Le « bug de l’an 2000 » produit encore de la jurisprudence

La Cour de Cassation, dans un arrêt du 19 février 2008, a eu l'occasion de se prononcer sur un litige né, en matière informatique, à l'occasion du passage à l'an 2000.

Il s'agit sans doute de l'une des dernières jurisprudences à rendre sur cette question.

Ce n'est pas le « bug » en lui-même qui était l'objet du litige mais le devoir de conseil qui pèse sur l'éditeur informatique.

En l'espèce, la société SIGMA INFORMATIQUE avait proposé un logiciel qui ne permettait pas le « passage à l'an 2000 ».

Ce qui est stigmatisé dans la décision est le fait que la société savait que le logiciel ne supporterait pas le passage à l'an 2000, sauf mise à jour qu'elle facturerait et alors qu'existait déjà une version disponible du logiciel qui le permettait.

La Cour constate que « tout concepteur d'un progiciel a l'obligation de s'assurer que ce progiciel, au moment de sa cession, répond tant aux besoins du client qu'aux obligations légales prévues ou prévisibles pour sa durée de vie, soit quatre ans, durée de l'amortissement, ou sept ans, durée d'utilisation effective ... ».

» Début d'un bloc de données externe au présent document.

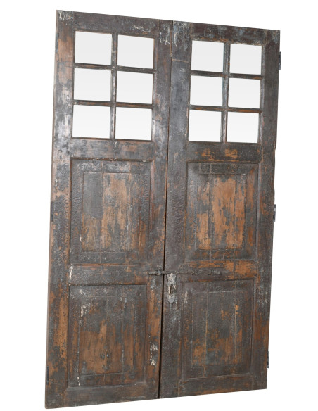 Ușă veche și antică medievală din lemn masiv și fier pentru uz interior sau exterior, cu sticlă
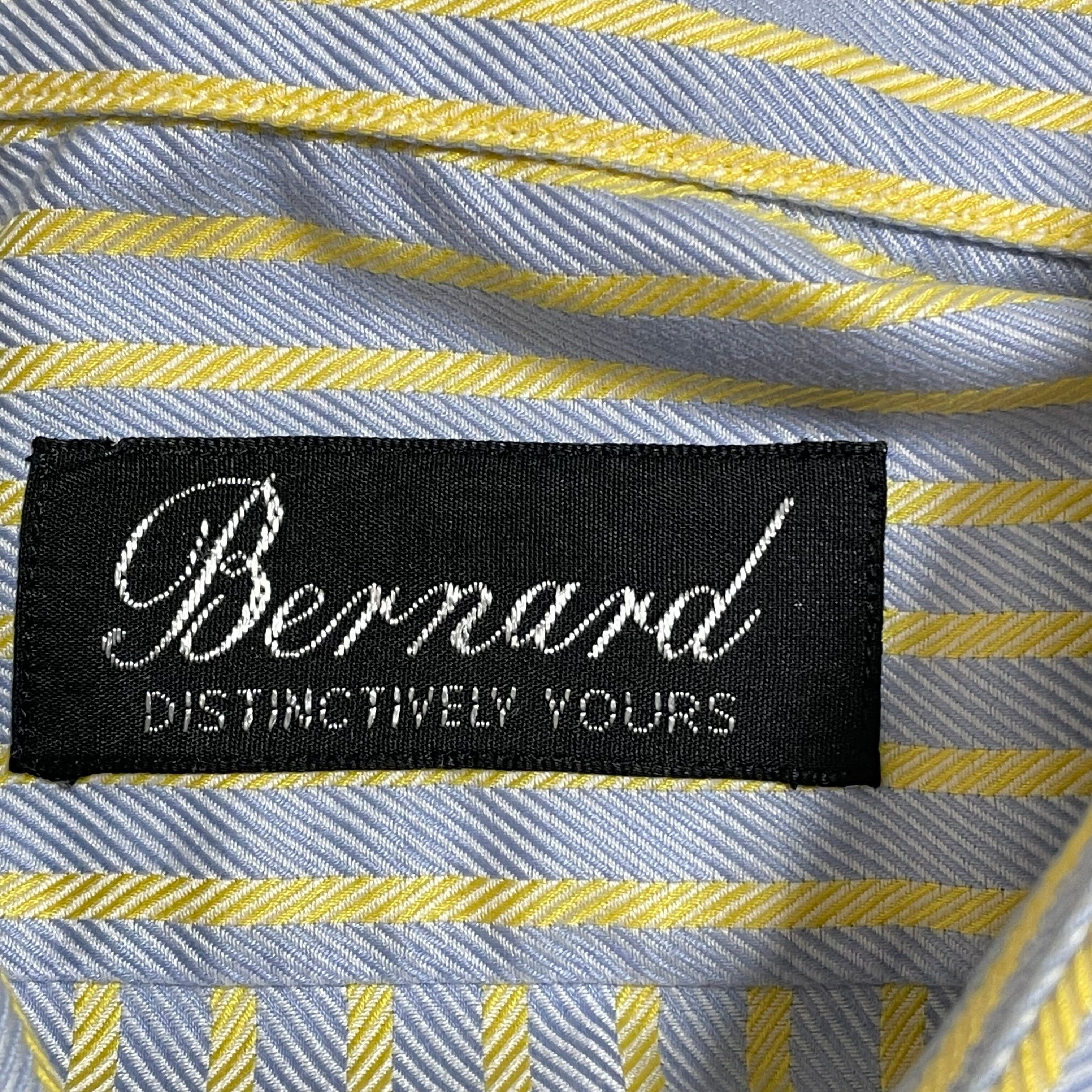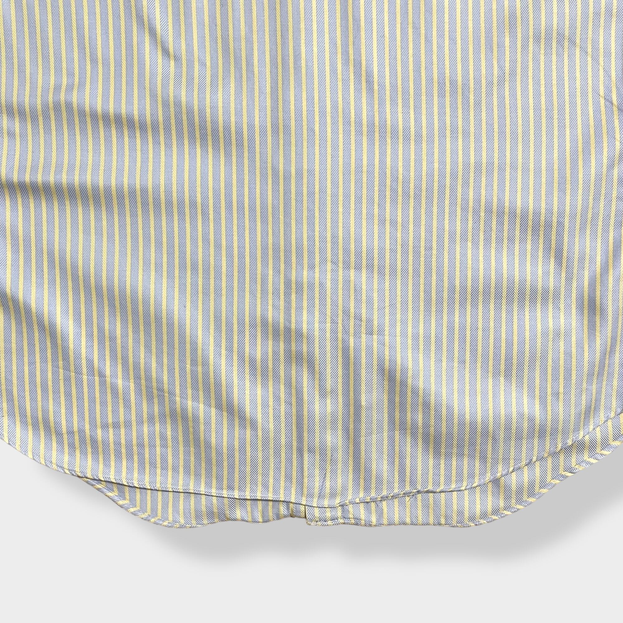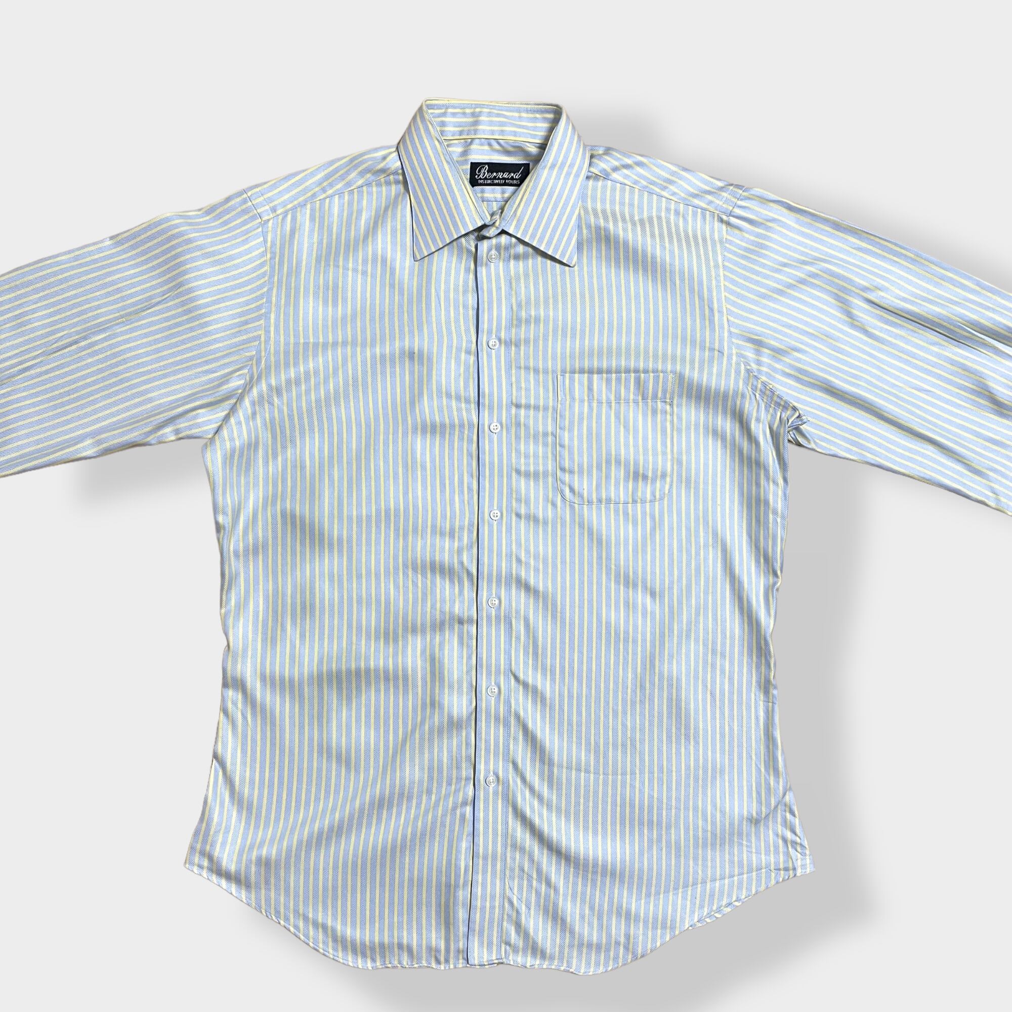 【Bernard】USA製 ビッグサイズ ストライプシャツ 長袖シャツ コットン 刺繍ロゴ ライトイエロー ライトブルー バーナード US古着

En conséquence, la société SIGMA INFORMATIQUE aurait dû, soit proposer la version de son logiciel (V3) qui supportait le passage à l'an 2000, soit informer ses clients de la nécessité de mettre à jour le produit qu'elle livrait « et du montant des frais devant être supportés ».

On le voit, la Cour de Cassation considère que le devoir de conseil qui pèse sur l'éditeur informatique est particulièrement fort.

Il est à noter également dans cette instance l'intéressante condamnation in solidum d'un professionnel de l'informatique qui avait assisté le client visiblement sans plus-value.